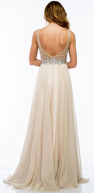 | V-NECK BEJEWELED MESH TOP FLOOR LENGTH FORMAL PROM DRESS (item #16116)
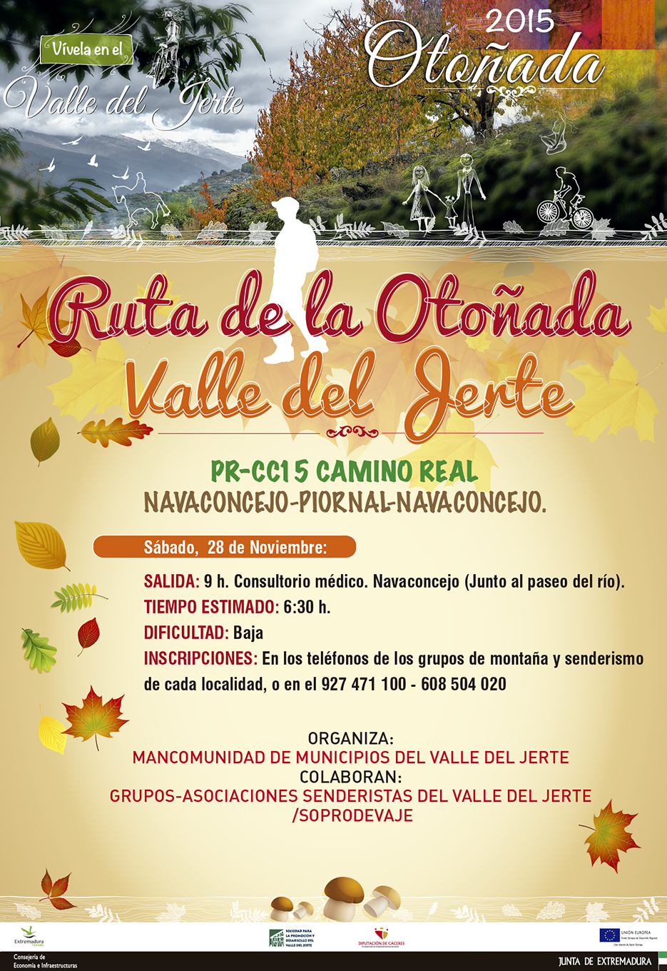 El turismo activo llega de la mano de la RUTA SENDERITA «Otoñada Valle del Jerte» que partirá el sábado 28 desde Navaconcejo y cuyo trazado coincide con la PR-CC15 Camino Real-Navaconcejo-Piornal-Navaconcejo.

--

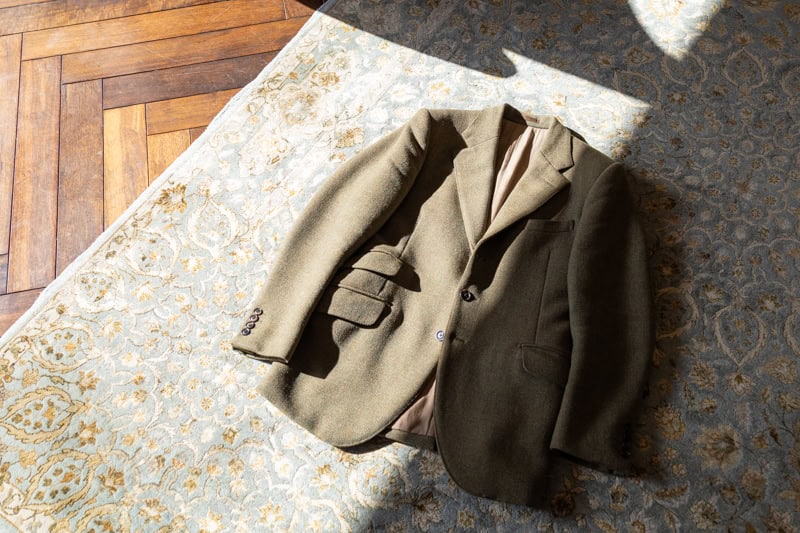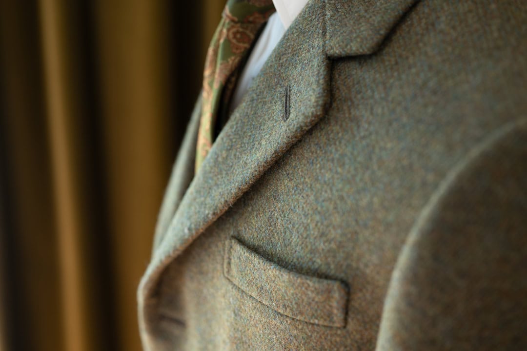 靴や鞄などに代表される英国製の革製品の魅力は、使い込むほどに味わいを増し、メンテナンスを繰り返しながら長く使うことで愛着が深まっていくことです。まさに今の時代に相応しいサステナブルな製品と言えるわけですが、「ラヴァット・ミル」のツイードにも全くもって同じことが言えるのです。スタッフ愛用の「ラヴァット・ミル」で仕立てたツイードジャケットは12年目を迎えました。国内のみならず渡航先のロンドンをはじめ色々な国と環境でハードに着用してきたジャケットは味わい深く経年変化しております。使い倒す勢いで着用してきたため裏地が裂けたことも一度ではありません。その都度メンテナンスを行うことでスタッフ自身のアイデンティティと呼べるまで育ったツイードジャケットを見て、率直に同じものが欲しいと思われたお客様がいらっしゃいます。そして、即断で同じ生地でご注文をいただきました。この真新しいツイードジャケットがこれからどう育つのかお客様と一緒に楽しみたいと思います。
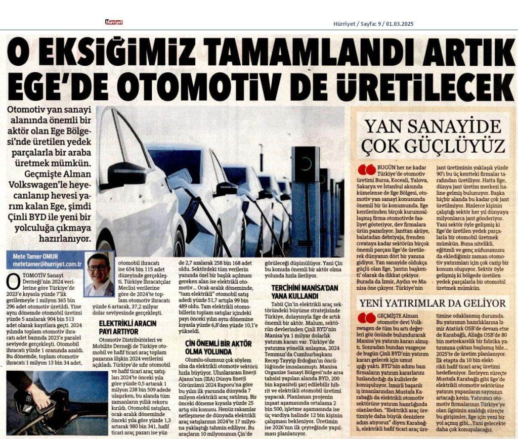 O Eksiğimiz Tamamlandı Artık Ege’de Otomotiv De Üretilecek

Description of the task
Print from the line containing "DRESS (item #16116)" through the line containing "El turismo activo" in the data above, exactly as the lines stand, and omit every picture.

Written response
 | V-NECK BEJEWELED MESH TOP FLOOR LENGTH FORMAL PROM DRESS (item #16116)
 El turismo activo llega de la mano de la RUTA SENDERITA «Otoñada Valle del Jerte» que partirá el sábado 28 desde Navaconcejo y cuyo trazado coincide con la PR-CC15 Camino Real-Navaconcejo-Piornal-Navaconcejo.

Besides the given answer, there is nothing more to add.